Before contributing, ensure your environment is set up as described in Getting Started.
-
Create a new branch
In a terminal at the project root:
git checkout -b branch_name -
Install required libraries
In a terminal, run:
pip install -r requirements.txt -
Create a test by following the steps in Adding New Tests
-
Verify your tests work as expected by following Testing your Changes
Note: If you are only testing locally, you can stop here. The remaining steps are only required if you want to contribute your test to the framework.
-
Stage your changes
Only add the files you want included in the pull request.
In a terminal at the project root:
git add dimensions/<dimension>/x#.py # e.g., git add dimensions/accuracy/a1.py -
Commit and push your changes
In a terminal at the project root:
git commit -m "Added new test X# for [dimension]" git push -u origin branch_name -
Open a pull request to merge your changes into the main repository
Describe the test and include examples if helpful.
TODO: Set a standard for merging changes to main repo
The framework organizes tests into dimensions, where tests that evaluate similar aspects of data quality are conceptually grouped as metrics. Each dimension is stored in its own folder, containing all files needed to define, manage, and load its tests.
dimension_reference.py: Manages and loads all tests in a dimension, collects their metadata, and providesrun_tests()to execute selected or all tests with their specific parameters.- Test file (e.g.,
a1.py,c2.py): Defines a single test's parameters, logic, and metadata. Each test returns a score and optionally a CSV used for reporting. test_template.py: Provides a template for contributors to add a new test, including placeholders for parameters, logic, and metadata.
Add a new test or customize an existing one by copying the test template and filling in the # TODO sections.
- Test names must follow the
X#naming convention (e.g.,A1). - Any new library added for a test is to be added to the requirements.txt file with the package version specified.
- Identify the dimension your test belongs to. See the Tests Reference Table for reference.

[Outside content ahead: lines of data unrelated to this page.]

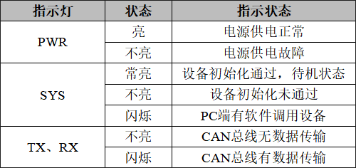 USBCAN-I Pro+接口卡指示燈狀態(tài)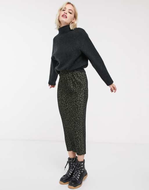 ASOS DESIGN — Zielona plisowana spódnica midi z nadrukiem w panterkę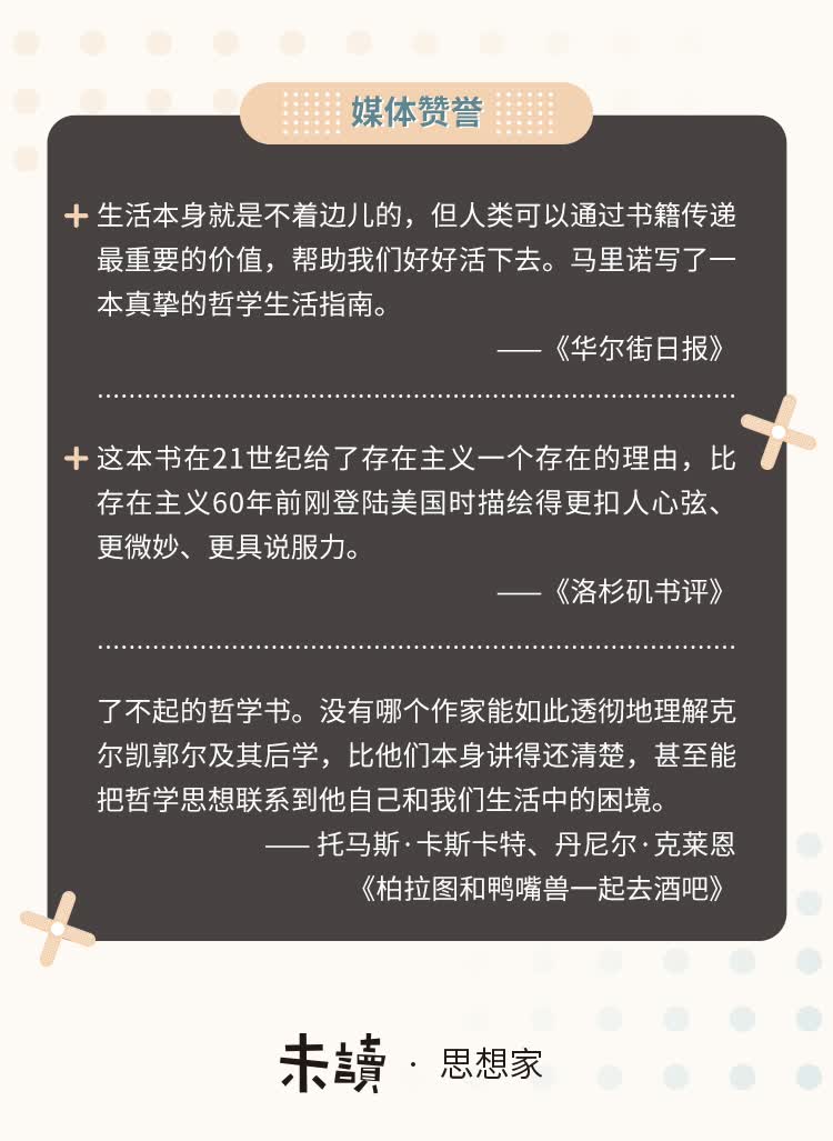 3.了不起的哲学书。没有哪个作家能如此透彻地理解克尔凯郭尔及其后学,比他们本身讲得还清楚,甚至能把哲学思想联系到他自己和我们生活中的困境。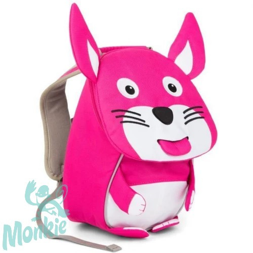 Divatos állatfigurás hátizsák puha vállpántokkal, rekeszekkel, oldalsó kulacstartókkal. Az Affenzahn hátizsákok divatosak, kényelmesek, ötletesek. A kedves kis állatfigurák nyelve kihúzható, kezeik mozgathatók. Mind a kisebb mind a nagyobb rekeszek cipzárral zárhatók.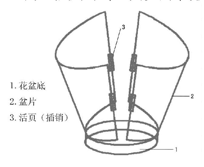 这种花盆的材质为塑料,结构可拆分成三个部分(如图所示),分别是一个盆底座和两个盆片,三者之间通过活页插销紧紧地结合在一起。这种可拆装花盆平时可当普通花盆使用,移栽时,先松开两边的插销,即可将花盆分为两半,方便移出花苗而不损伤根部,大大减少了花苗在移栽过程中受损和打烂花盆的情况。

- Navigate to the corresponding dimension folder under dimensions/.
- Copy the test template
test_template.pyand rename it to your test name (e.g.,a5.py). - Edit the template following the
# TODOcomments:- Define the test name and test specific parameters.
- Assign test specific attributes to
selfvariables. - Set
self.threshold(useNoneif not applicable). - Set
self.selected_columns(useNoneif your test does not specify specific columns). - Implement your test logic in
run_test(). - Optional: Define test metadata and parameter types in
create_metadata()to run your test in the UI tool. Skip this step if using only the notebook.- Set each parameter's type using
ParameterType.[TYPE](see available types here).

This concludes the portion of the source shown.